Mutations in the RYR1 gene underlie several debilitating, life-threatening muscle diseases. In this application we are proposing to use a mouse model with a knockin mutation into RyR1 (Y524S) that has features of three of these disorders: malignant hyperthermia (MH) heat/exercise-induced exertional rhabdomyolysis (ER) and central core disease (CCD). Our long term goals are to define the mechanisms that underlie the decline in muscle function associated with these diseases and to develop new interventions. Our overall working hypothesis for the current proposal the Y524S mutation in RyR1 increases the temperature sensitivity of both excitation-contraction coupling (ECC) and RyR1 Ca2+ leak, producing the MH response and driving oxidative stress and mitochondrial destruction that leads to the myopathy.
Our specific aims are to: 1) Elucidate the role of Ca2+ influx via CaV1.1 in the MH response and the development of the myopathy;2) Delineate the mechanisms of core formation in YS mice;3) Define the mechanism by which an activator (AICAR) of the energy sensing kinase AMPK prevents the MH response and evaluate AICAR's ability to slow the development of the myopathy in YS mice;and 4) Define the mechanism by which a non-immunosuppressive ligand for the protein FKBP12 prevents the MH response and evaluate SLF's effect on the myopathy in YS mice.
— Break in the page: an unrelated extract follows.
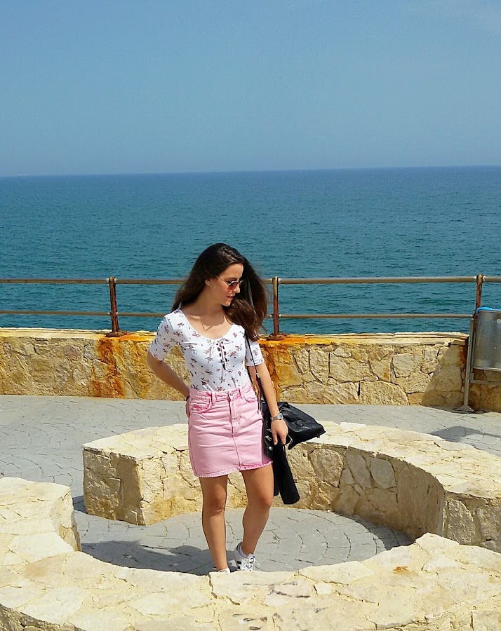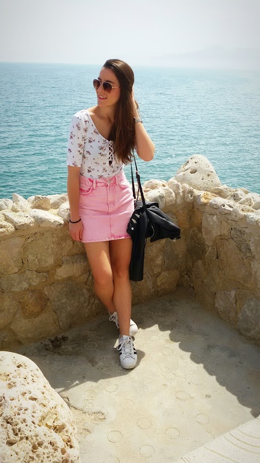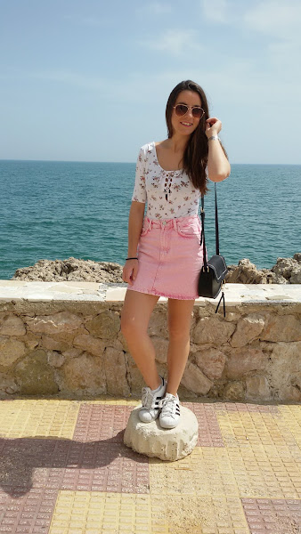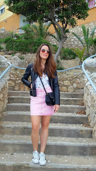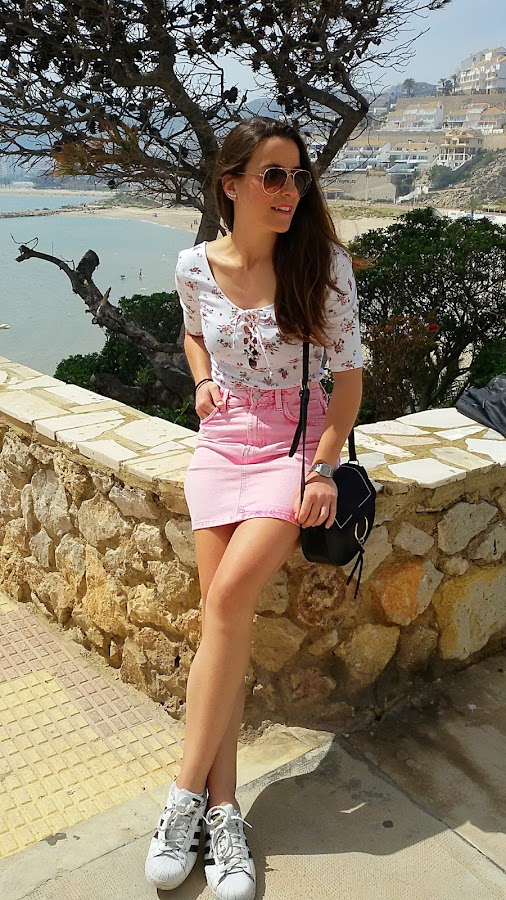 En el post de hoy , os enseño este conjunto primaveral que me parece monísimo y que enseñé en mis redes sociales hace un par de días.Elegí esta falda vaquera en un color rosa chicle que me pareció una prenda básica para estos primeros días en los que vamos sin medias y queremos ir cómodas. Es de tiro alto y se ajusta genial al cuerpo. Combiné la falda con este body que vi hace tiempo en Bershka y me pareció perfecto, por sus flores en tonos granates y rosas y el fondo blanco. Unas deportivas para pasear cómodamente , un bolso bandolero pequeño y una biker para esas tardes en las que refresca.
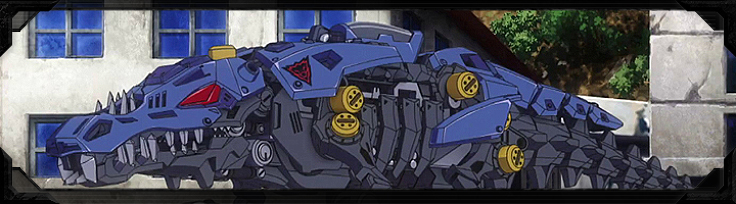 The Gabrigator is a semi-aquatic amphibious Zoid, able to fight both on land and on the sea. In the show they're almost exclusively depicted as part of the Imperial Army, with Z-O Visors covering the standard eyes. The one pictured above appeared during Earth's Zoid Crisis. Gabrigators typically have their cockpit located on the middle of the back.

The proposed work is highly significant because we directly couple the delineation of pathways underlying disease processes with the development of novel therapeutic interventions that have distinct mechanisms of action, allowing for some flexibility to tailor treatment strategies to different mutations associated with MH and CCD. The proposed research is innovative because of: 1) paradigm shifting hypotheses;2) unique mouse models, 3) cutting edge technologies, and 4) therapeutic interventions never previously proposed as treatments for MH or other RyR1-linked myopathies.

Public Health Relevance

This project is significant as it will advance understanding of the RyR myopathies by demonstrating that interventions designed to reduce temperature sensitive calcium release, influx and leak correct muscle function. We will also define the mechanism for core formation, as well as identify and validate new interventions and targets for the treatment of MH, CCD and potentially other RyR-related disorders.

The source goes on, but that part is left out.